▸ **EXERCISE**: Where a line holds the word "средней", copy that line from the data below.

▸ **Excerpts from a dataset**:
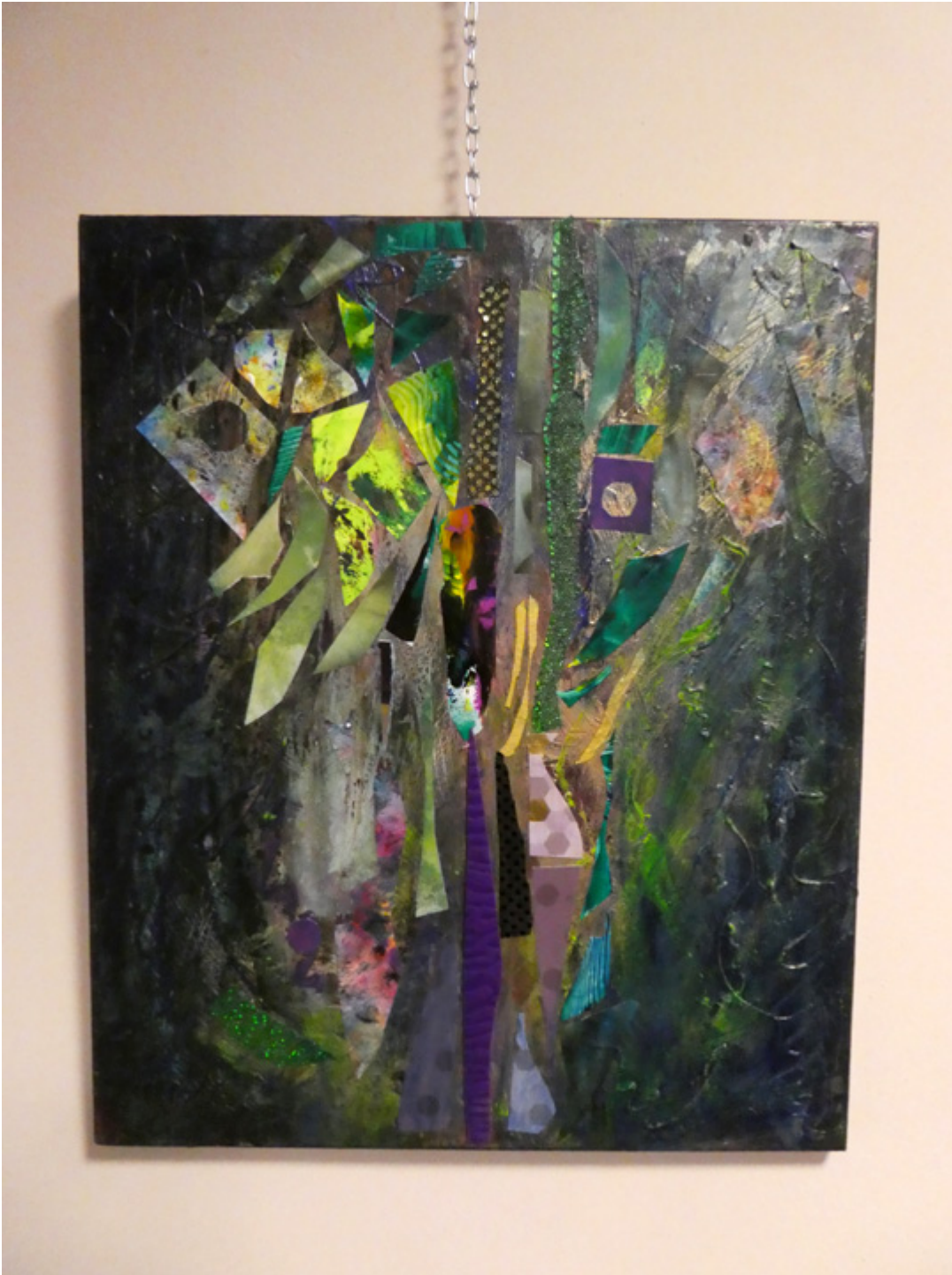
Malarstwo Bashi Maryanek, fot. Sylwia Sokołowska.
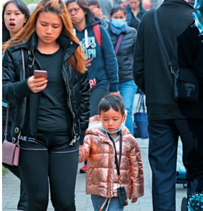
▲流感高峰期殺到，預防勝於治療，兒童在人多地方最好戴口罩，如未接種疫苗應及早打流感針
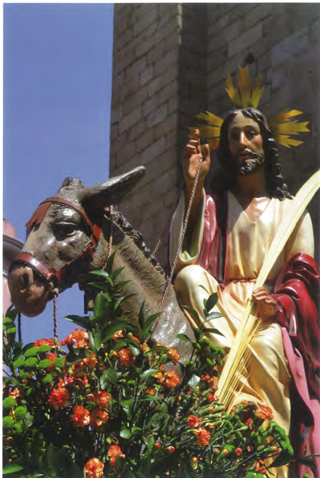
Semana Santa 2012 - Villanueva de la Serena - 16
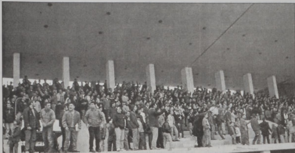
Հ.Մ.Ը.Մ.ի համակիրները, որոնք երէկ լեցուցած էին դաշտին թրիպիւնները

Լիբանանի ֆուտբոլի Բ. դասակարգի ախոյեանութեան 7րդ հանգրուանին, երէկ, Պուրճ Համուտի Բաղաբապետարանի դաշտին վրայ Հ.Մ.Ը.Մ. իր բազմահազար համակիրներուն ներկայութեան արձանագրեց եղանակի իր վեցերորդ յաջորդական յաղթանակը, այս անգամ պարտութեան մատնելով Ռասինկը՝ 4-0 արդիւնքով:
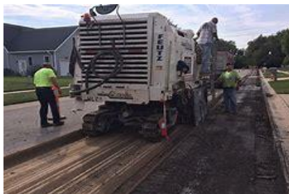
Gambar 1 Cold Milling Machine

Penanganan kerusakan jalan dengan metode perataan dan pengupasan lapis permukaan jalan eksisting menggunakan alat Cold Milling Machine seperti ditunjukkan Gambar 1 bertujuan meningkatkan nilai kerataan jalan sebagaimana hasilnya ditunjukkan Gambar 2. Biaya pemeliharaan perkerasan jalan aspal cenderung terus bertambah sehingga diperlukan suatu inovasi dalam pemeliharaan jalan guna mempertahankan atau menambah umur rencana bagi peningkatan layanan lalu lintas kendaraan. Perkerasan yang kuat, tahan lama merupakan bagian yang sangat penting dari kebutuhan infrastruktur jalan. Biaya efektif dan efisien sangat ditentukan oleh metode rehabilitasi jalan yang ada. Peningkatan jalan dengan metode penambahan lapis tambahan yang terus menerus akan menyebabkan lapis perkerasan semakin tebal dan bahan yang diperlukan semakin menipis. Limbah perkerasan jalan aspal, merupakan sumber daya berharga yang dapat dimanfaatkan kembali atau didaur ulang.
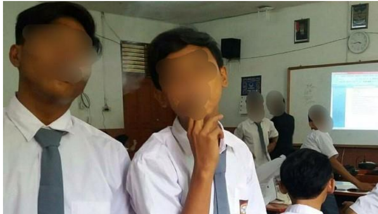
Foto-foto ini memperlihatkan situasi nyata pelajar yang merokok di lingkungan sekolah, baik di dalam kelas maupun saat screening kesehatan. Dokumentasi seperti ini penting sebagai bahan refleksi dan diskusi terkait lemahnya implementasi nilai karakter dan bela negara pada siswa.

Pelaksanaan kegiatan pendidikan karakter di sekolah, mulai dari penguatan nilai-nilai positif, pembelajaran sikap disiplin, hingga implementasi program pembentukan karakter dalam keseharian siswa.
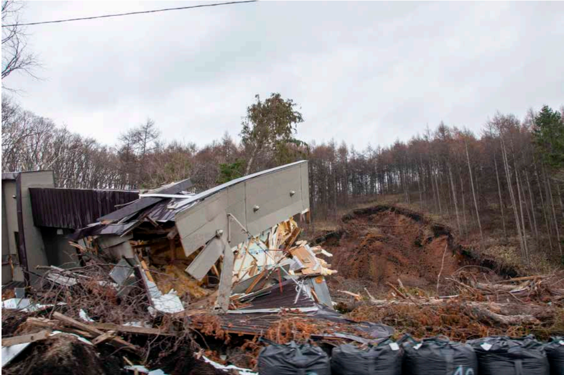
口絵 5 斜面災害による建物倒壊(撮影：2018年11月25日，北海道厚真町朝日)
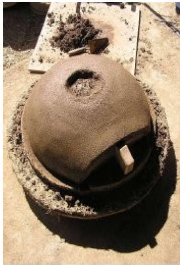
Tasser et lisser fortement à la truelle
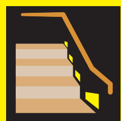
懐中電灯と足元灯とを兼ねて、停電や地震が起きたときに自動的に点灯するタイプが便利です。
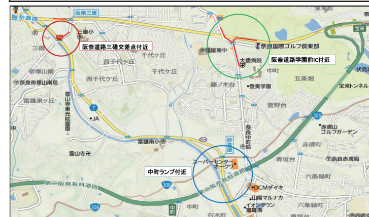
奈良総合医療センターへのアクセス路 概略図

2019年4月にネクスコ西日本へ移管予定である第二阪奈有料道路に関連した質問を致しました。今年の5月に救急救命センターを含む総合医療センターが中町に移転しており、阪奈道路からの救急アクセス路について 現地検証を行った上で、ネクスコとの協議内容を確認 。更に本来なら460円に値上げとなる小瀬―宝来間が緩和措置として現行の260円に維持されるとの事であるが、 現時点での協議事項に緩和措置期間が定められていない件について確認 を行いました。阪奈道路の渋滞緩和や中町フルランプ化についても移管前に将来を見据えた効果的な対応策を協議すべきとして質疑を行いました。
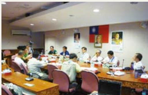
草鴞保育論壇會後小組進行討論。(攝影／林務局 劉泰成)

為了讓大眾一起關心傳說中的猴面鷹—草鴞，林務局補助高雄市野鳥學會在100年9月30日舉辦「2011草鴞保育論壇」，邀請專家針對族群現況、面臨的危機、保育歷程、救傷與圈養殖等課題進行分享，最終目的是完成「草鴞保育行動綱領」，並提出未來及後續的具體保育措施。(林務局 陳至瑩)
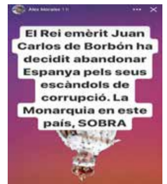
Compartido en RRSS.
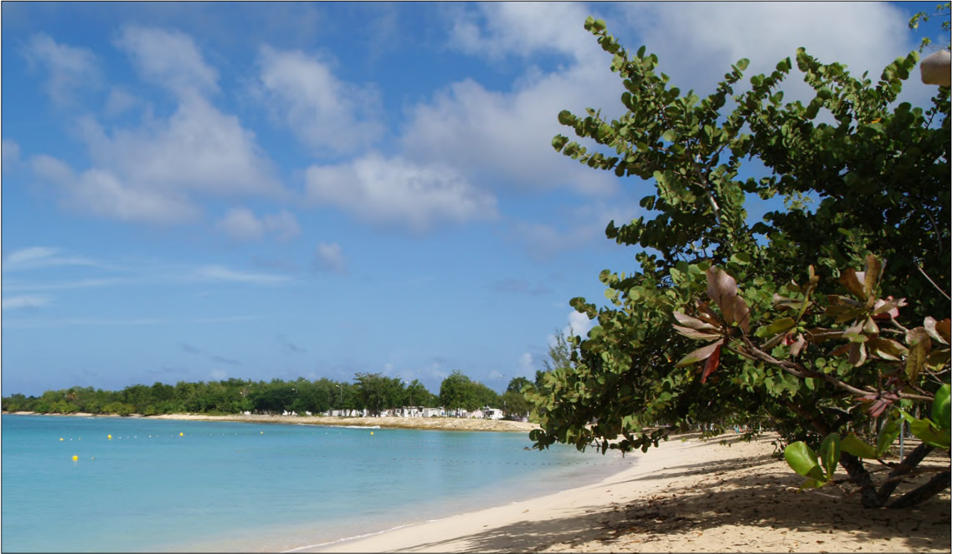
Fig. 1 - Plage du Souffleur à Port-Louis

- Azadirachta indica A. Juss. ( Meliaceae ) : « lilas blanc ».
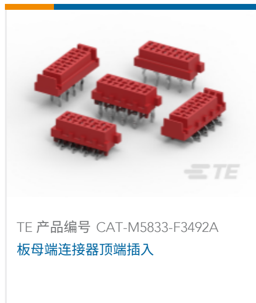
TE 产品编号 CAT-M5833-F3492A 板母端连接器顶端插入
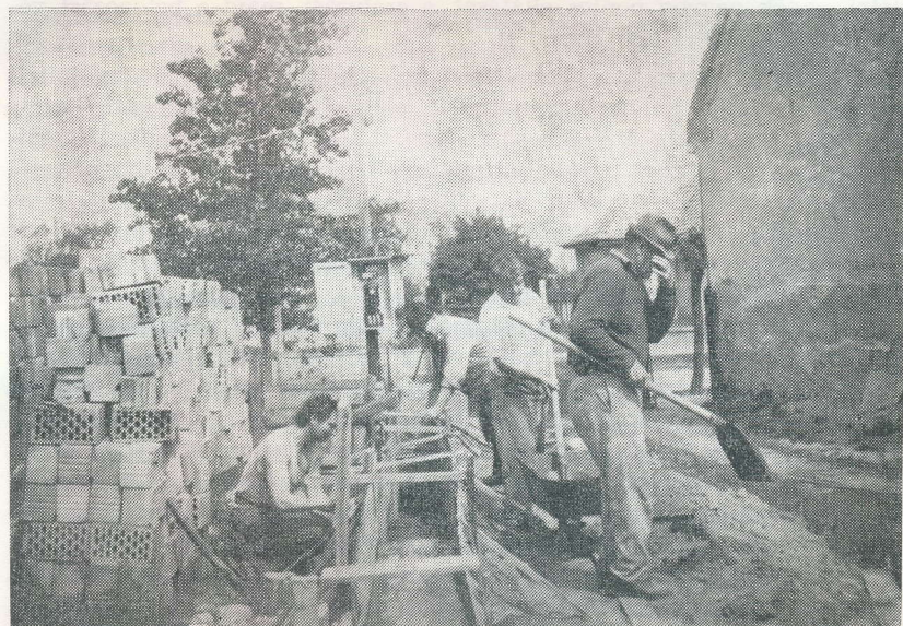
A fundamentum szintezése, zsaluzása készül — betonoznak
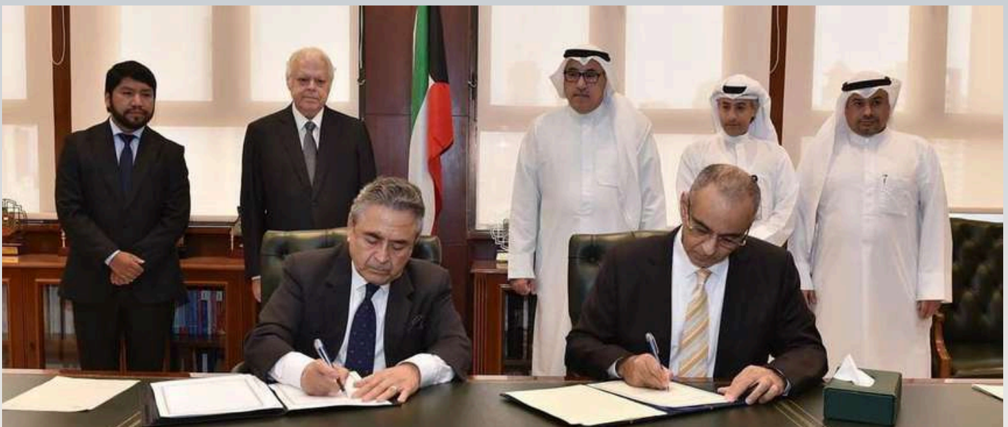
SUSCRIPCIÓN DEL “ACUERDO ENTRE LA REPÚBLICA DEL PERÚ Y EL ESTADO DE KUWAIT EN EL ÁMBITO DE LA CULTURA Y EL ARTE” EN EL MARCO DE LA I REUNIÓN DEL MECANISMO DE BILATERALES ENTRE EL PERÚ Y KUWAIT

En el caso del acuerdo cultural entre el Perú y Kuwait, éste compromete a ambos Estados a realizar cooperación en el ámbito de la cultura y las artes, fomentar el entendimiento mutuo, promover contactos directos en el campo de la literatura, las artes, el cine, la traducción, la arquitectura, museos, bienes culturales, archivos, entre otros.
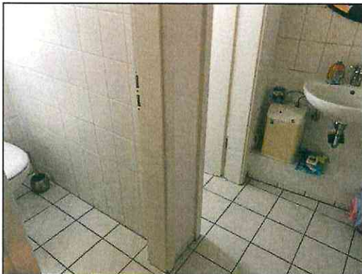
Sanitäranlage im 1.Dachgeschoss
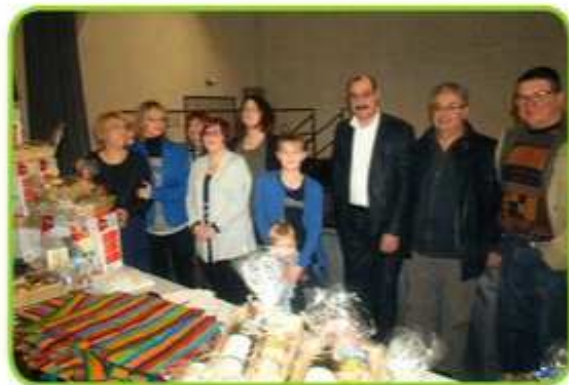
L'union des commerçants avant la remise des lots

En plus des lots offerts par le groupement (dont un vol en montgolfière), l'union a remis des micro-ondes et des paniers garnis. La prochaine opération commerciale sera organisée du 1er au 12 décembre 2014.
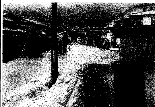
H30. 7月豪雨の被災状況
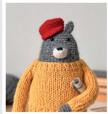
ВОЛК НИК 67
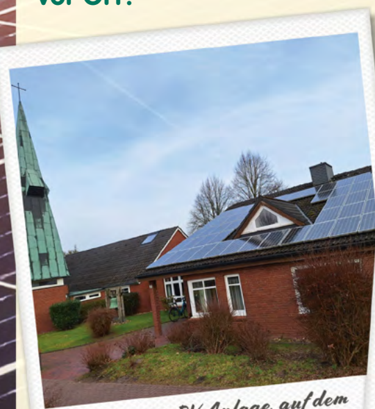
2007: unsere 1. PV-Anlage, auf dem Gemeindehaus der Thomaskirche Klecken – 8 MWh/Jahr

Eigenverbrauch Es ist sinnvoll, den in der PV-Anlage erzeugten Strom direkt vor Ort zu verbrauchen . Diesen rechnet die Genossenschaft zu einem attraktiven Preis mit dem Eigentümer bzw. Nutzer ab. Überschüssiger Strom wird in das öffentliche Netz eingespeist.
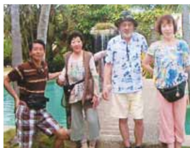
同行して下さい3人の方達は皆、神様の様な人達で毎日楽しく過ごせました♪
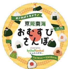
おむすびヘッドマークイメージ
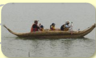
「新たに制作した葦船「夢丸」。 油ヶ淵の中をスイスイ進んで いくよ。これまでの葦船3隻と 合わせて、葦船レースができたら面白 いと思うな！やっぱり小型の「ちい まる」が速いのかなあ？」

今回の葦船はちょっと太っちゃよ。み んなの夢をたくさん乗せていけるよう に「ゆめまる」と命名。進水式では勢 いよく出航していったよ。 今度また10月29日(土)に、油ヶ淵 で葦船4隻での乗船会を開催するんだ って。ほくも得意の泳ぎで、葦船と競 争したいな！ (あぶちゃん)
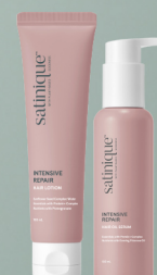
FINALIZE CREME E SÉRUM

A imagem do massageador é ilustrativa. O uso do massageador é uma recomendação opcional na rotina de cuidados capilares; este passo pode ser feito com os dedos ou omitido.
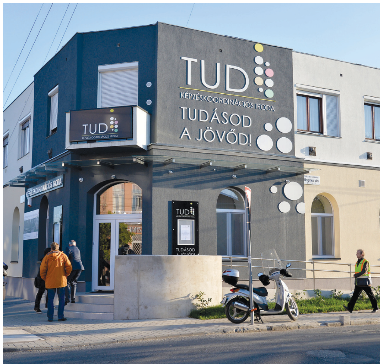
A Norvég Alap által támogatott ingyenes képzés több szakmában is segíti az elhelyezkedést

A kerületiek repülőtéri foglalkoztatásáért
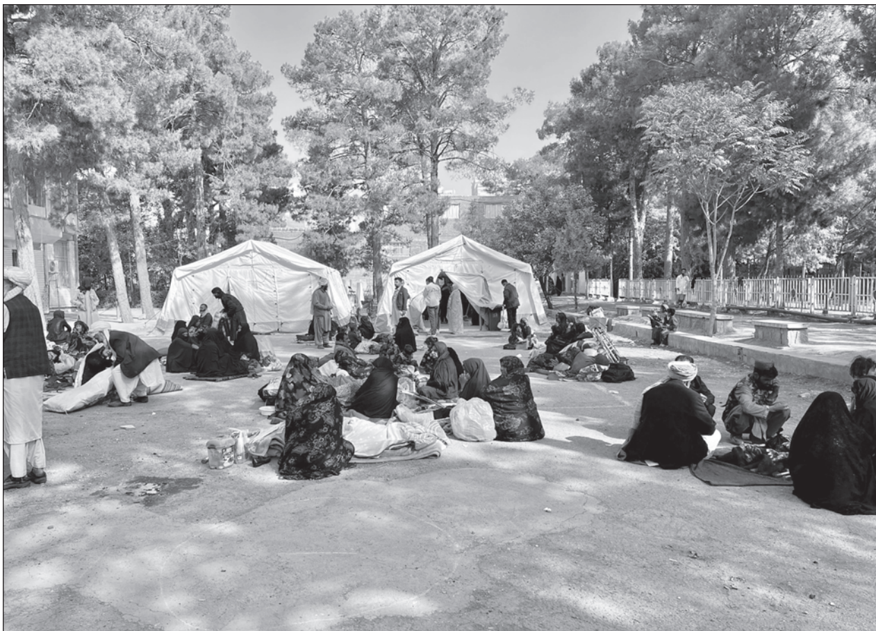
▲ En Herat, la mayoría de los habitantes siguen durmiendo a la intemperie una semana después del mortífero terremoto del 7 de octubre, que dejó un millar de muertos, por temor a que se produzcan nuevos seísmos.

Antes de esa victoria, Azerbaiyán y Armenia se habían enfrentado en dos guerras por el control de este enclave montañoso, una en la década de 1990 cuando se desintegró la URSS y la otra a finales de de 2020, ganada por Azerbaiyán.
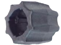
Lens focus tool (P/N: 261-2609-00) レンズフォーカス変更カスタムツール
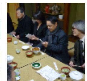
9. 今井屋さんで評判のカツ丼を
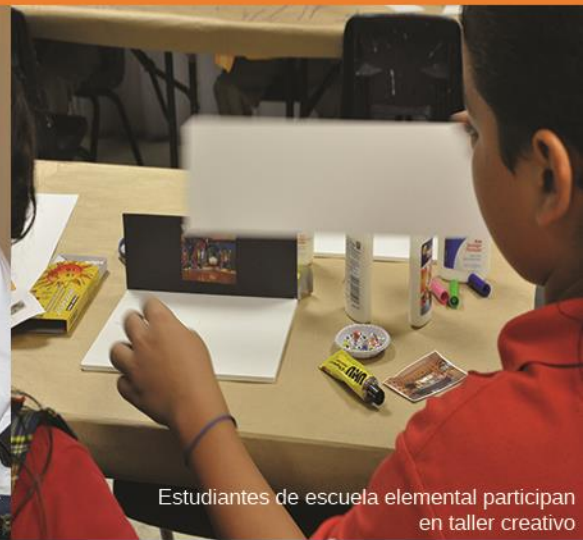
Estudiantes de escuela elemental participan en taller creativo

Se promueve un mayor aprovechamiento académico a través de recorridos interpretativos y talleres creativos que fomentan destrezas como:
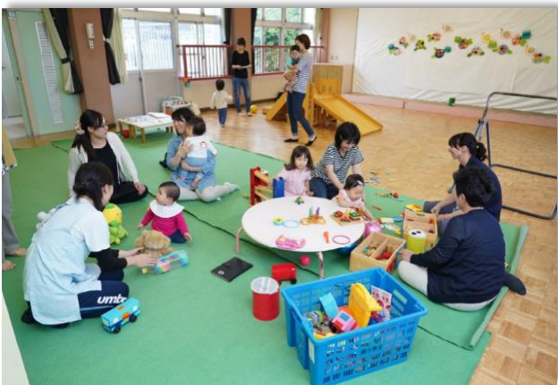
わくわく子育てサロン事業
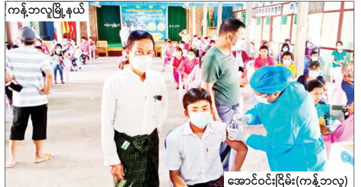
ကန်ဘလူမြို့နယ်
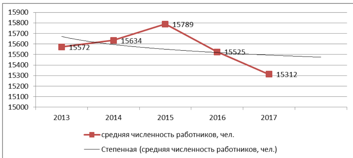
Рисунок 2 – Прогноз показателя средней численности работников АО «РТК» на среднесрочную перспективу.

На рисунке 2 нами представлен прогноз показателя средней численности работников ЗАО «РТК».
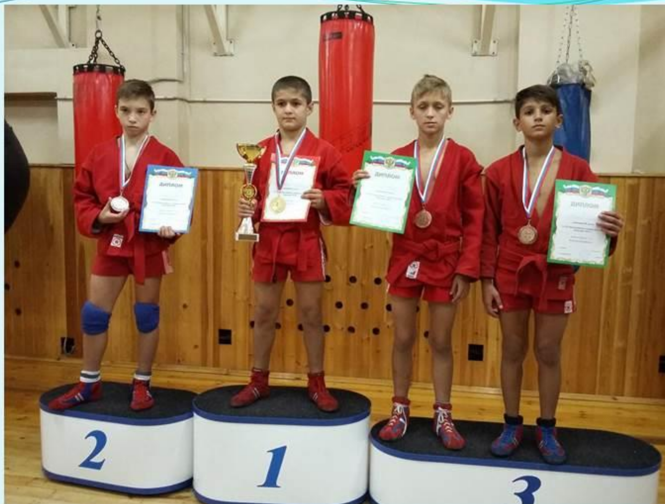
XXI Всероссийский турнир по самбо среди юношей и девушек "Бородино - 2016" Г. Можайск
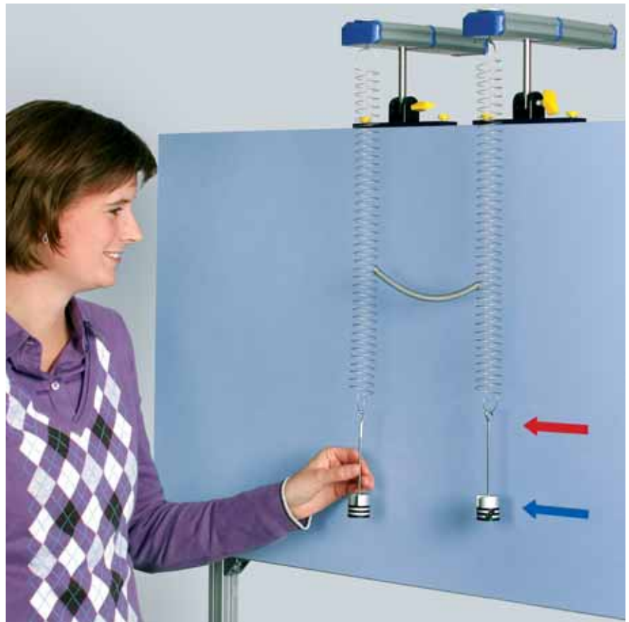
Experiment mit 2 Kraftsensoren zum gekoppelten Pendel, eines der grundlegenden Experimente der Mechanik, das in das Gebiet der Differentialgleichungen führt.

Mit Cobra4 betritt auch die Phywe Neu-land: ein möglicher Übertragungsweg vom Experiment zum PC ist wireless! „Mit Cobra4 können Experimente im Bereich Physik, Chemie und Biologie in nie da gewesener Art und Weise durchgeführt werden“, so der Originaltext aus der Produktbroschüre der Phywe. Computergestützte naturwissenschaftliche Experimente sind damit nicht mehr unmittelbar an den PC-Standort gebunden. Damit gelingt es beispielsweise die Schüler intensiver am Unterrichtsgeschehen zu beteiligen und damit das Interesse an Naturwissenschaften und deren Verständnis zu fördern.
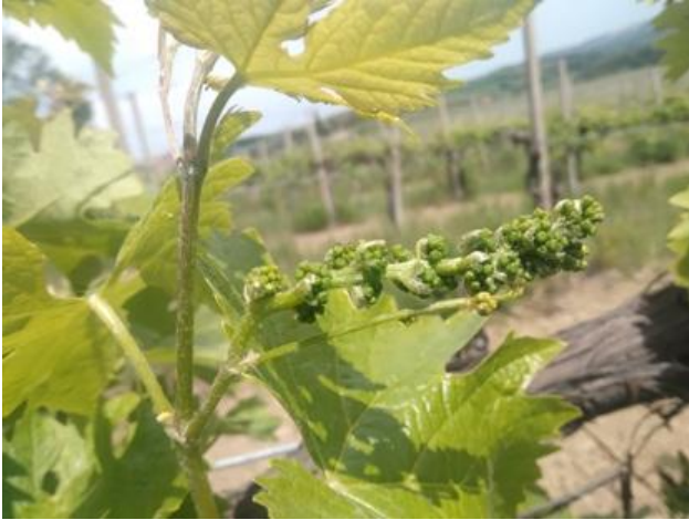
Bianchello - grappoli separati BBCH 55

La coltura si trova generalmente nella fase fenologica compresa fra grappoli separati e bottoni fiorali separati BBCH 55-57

▸ **REPLY**:
Рисунок 2 – Прогноз показателя средней численности работников АО «РТК» на среднесрочную перспективу.
На рисунке 2 нами представлен прогноз показателя средней численности работников ЗАО «РТК».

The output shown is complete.